> **Problem description**
Could you retype exactly the lines below between the one holding "Suave dry spray antiperspirant deodorant powder" and the one holding "I packed up", inclusive, leaving out any pictures?
-------- Data provided --------
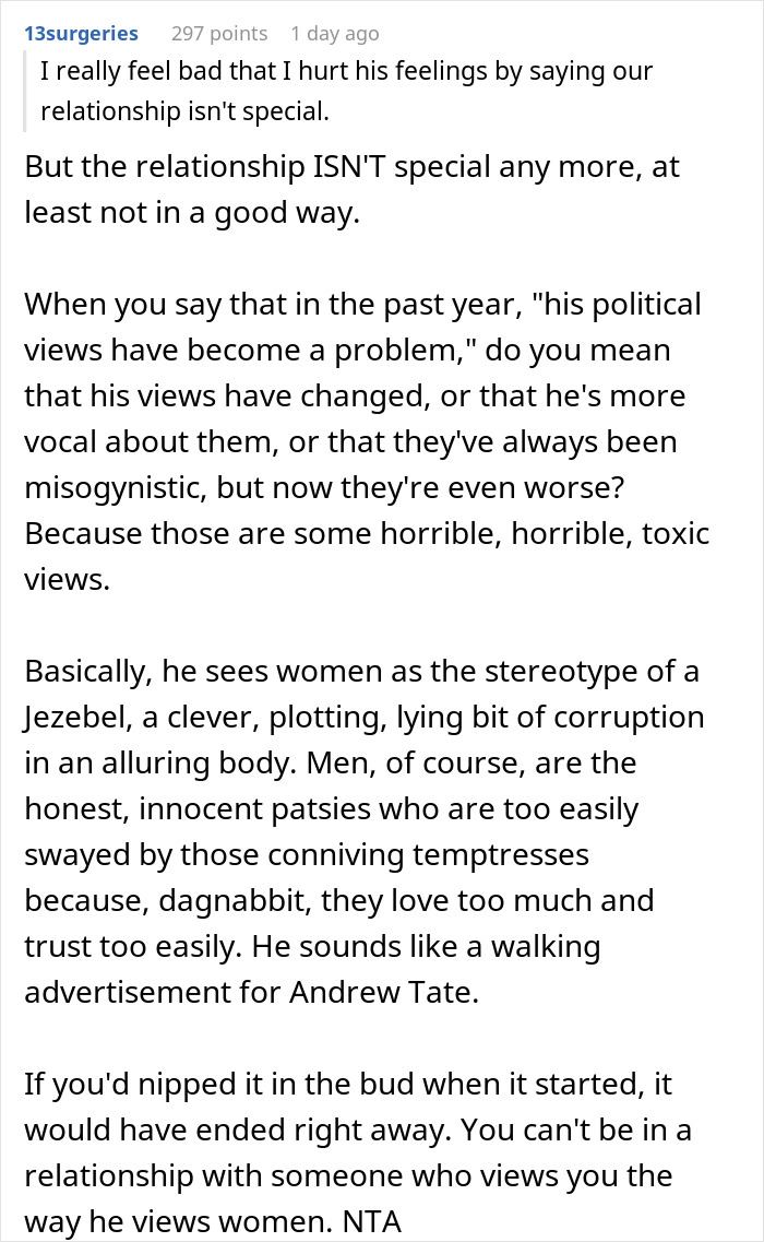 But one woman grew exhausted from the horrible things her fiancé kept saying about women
--------
-------- Data provided --------
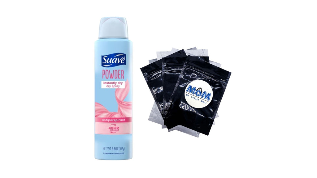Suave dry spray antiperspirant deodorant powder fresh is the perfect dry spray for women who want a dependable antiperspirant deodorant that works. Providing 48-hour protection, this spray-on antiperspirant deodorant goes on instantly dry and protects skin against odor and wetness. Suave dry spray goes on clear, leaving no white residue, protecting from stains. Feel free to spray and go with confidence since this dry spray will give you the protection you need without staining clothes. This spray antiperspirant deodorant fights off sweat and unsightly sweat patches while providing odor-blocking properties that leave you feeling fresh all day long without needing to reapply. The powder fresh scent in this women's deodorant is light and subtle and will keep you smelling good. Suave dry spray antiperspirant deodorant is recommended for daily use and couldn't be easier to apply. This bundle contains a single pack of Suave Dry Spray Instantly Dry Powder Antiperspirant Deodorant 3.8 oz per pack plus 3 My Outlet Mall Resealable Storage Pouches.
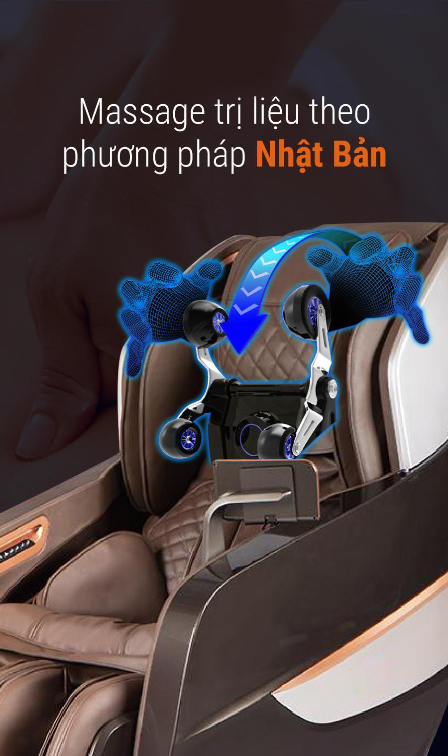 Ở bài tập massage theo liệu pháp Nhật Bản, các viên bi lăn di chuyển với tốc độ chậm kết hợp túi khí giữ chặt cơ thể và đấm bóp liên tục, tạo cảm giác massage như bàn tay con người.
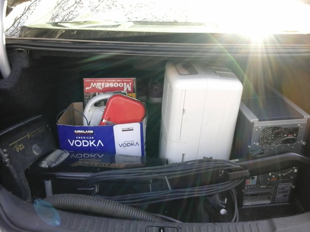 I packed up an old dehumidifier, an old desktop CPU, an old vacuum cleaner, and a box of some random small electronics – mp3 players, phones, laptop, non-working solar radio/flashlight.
--------
> **Answer section**
Suave dry spray antiperspirant deodorant powder fresh is the perfect dry spray for women who want a dependable antiperspirant deodorant that works. Providing 48-hour protection, this spray-on antiperspirant deodorant goes on instantly dry and protects skin against odor and wetness. Suave dry spray goes on clear, leaving no white residue, protecting from stains. Feel free to spray and go with confidence since this dry spray will give you the protection you need without staining clothes. This spray antiperspirant deodorant fights off sweat and unsightly sweat patches while providing odor-blocking properties that leave you feeling fresh all day long without needing to reapply. The powder fresh scent in this women's deodorant is light and subtle and will keep you smelling good. Suave dry spray antiperspirant deodorant is recommended for daily use and couldn't be easier to apply. This bundle contains a single pack of Suave Dry Spray Instantly Dry Powder Antiperspirant Deodorant 3.8 oz per pack plus 3 My Outlet Mall Resealable Storage Pouches.
 Ở bài tập massage theo liệu pháp Nhật Bản, các viên bi lăn di chuyển với tốc độ chậm kết hợp túi khí giữ chặt cơ thể và đấm bóp liên tục, tạo cảm giác massage như bàn tay con người.
 I packed up an old dehumidifier, an old desktop CPU, an old vacuum cleaner, and a box of some random small electronics – mp3 players, phones, laptop, non-working solar radio/flashlight.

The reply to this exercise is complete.